Re: Representing Unix filenames in Unicode

From: Philippe Verdy (
Date: Tue Nov 29 2005 - 10:14:55 CST

  • Next message: Philippe Verdy: "Re: Representing Unix filenames in Unicode"

    From: "Antoine Leca" <>
    > On Tuesday, November 29th, 2005 07:03Z, Chris Jacobs wrote:
    >> What happens when two files have different, but canonical equivalent,
    >> file names?
    > The operating system sees two different files (without any relationship
    > one
    > with the other), and you (the user, the "human") see two files with
    > apparently the same handle to grasp them (the same name).
    > My idea is that you are going to loose, so probably thou shalt not do
    > that.

    Why that?
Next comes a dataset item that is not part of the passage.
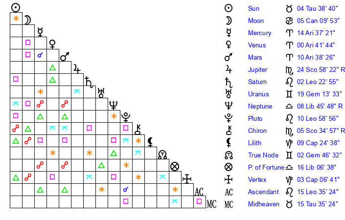 | Moon | 5 Cancer 13 | 6 Aries 0 | 4 Taurus 47 |

The user interface can disambiguate the "user-friendly" name by
    displaying additional meta-data properties about any file, using for example
    the URL-encoding syntax (starting by "file:"), if the name must be used in
    secured program interfaces.

    If a name can't be correctly decoded as valid UTF-8, or if itisdifferent
    from its NFC form, or if it starts by "file:" I would suggest storing the
    filename only with its URL-encoding syntax (starting by "file:"), and simply
    avoid using any "shell escaping" mechanism (because they are not portable,
    even on the same Unix/Linux system as it depends on the capabilities of the
    Shell, and because the URL syntax is independant of the filesystem type
    actually used).

    My opinion is that the OS just needs to support the "file:" URL-encoding
    mechanism natively in all its filesystem APIs (file opening, creation,
    deletion, linking, dirent..., and all the problems caused by variable
    interpretations of binary encodings of Unix filenames are definitely gone.)
    This means that existing filenames that currently start by "file:" or by a
    URL-encoding scheme must be given to this interface with "%2A" instead of

    There's absolutely NO need to override UTF-8.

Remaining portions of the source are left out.